La Chronique
de
Jérémie Ayong Nkodjie Obame*
« À 61 dollars le baril pour le Brent, autour de 57,5 dollars pour le WTI, les marchés pétroliers offrent en cette fin d’année 2025 un visage paradoxal. Ni véritable envolée, ni effondrement brutal. Une zone grise, faite d’équilibres instables, de tensions géopolitiques persistantes et d’anticipations contradictoires sur la trajectoire de la demande mondiale. Pour les pays producteurs comme pour les compagnies pétrolières, ce moment suspendu impose une lecture fine des dynamiques à l’œuvre – et, plus encore, une réflexion de fond sur ce que l’exploitation des ressources doit concrètement laisser derrière elle.
Car derrière ces cours relativement modérés se joue une partie autrement plus structurante. La production mondiale demeure abondante, tirée par la résilience du pétrole américain, les arbitrages prudents de l’OPEP+ et la volonté de plusieurs producteurs de préserver leurs parts de marché. Dans le même temps, la demande reste sous tension, freinée par le ralentissement de certaines économies asiatiques, la transition énergétique en Europe et une financiarisation accrue des marchés où l’or noir est devenu autant un actif spéculatif qu’un produit industriel. Le pétrole n’a pas disparu du jeu mondial mais il n’en est plus le maître absolu.

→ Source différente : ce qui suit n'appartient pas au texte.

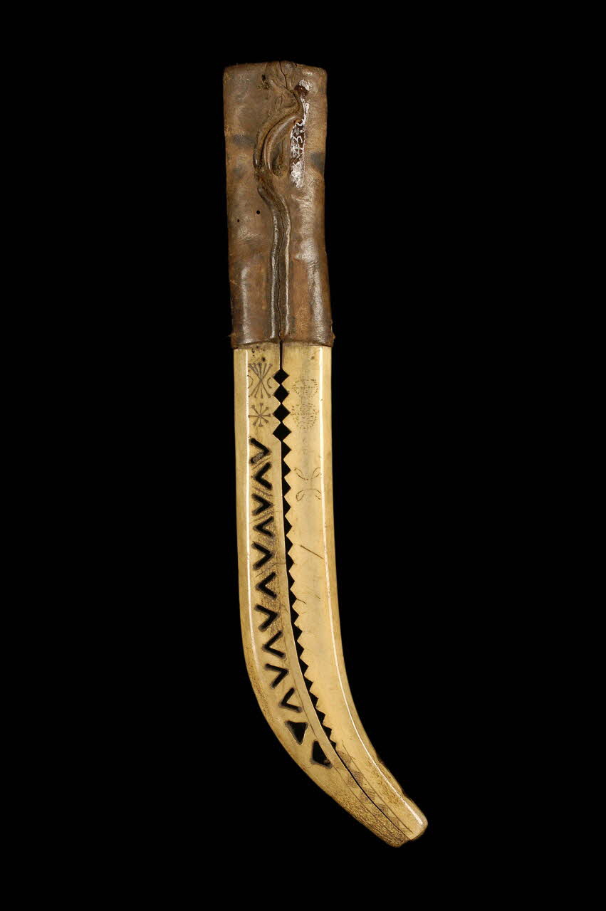 os sculpté et gravé, cuir / De forme légèrement recourbée à l'extrémité, la partie en os de ce fourreau est sculptée sur une face et présente des motifs géométriques gravés ou incisés sur l'autre. Il est recouvert de cuir dans sa partie haute. La partie en os, destinée à protéger la lame d'un couteau, est composée de deux parties clouées l'une à l'autre.Matériaux et techniques

Dans ce contexte, les entreprises du secteur extractif continuent de générer des bénéfices considérables, même lorsque les cours ne sont pas à des sommets historiques. Et c’est précisément là que la question de la responsabilité sociétale des entreprises ne peut plus être traitée comme un simple exercice de conformité. Trop souvent encore, la RSE est pensée comme un outil de notation, un chapitre de rapport annuel ou un levier de communication à destination des investisseurs internationaux. Elle coche des cases, répond à des standards, mais peine à transformer durablement la réalité des territoires où s’exercent les activités extractives.
Or les communautés locales, au Gabon comme ailleurs, attendent autre chose que des projets vitrines. Elles attendent que la richesse tirée de l’exploitation de leurs sols se traduise par des infrastructures pérennes, un accès réel aux services de base, des emplois qualifiés, une montée en compétences et une amélioration tangible des conditions de vie. La RSE ne peut plus se limiter à accompagner l’extraction ; elle doit en être l’un des prolongements naturels, à la hauteur des bénéfices générés.
Cette exigence vaut pour l’ensemble du secteur extractif, pétrole en tête, mais aussi mines et gaz. Elle suppose de passer d’une logique déclarative à une logique d’impact mesurable, construite en dialogue avec les autorités publiques et les populations concernées. Elle implique aussi une meilleure adéquation entre les priorités locales et les investissements sociaux consentis afin d’éviter ce décalage désormais bien identifié entre projets financés et besoins réels.
À l’heure où les cours du pétrole rappellent qu’aucune rente n’est éternelle, la question n’est donc pas seulement de savoir comment optimiser les cycles favorables mais ce qu’ils laissent durablement aux territoires producteurs. Le baril peut monter ou baisser ; la crédibilité d’un secteur, elle, se joue sur sa capacité à créer de la valeur partagée. C’est à cette condition que l’or noir pourra encore prétendre être un moteur de développement – et non une promesse sans lendemain ».
- Jérémie AYONG NKODJIE OBAME est un dirigeant d’entreprise dans le secteur pétrolier.
- Titulaire d’un Master II en marketing opérationnel (ISEG Lille), il a évolué au sein de plusieurs structures de référence : auditeur chez Alex Stewart International, responsable des ventes chez Total Marketing Gabon, puis directeur général adjoint chargé des hydrocarbures à la Caistab, avant d’occuper des fonctions de direction à la SOGARA et chez Gabon Oil Marketing.
- En 2024, il crée un cabinet d’expertise dédié au secteur pétrolier et Gazier.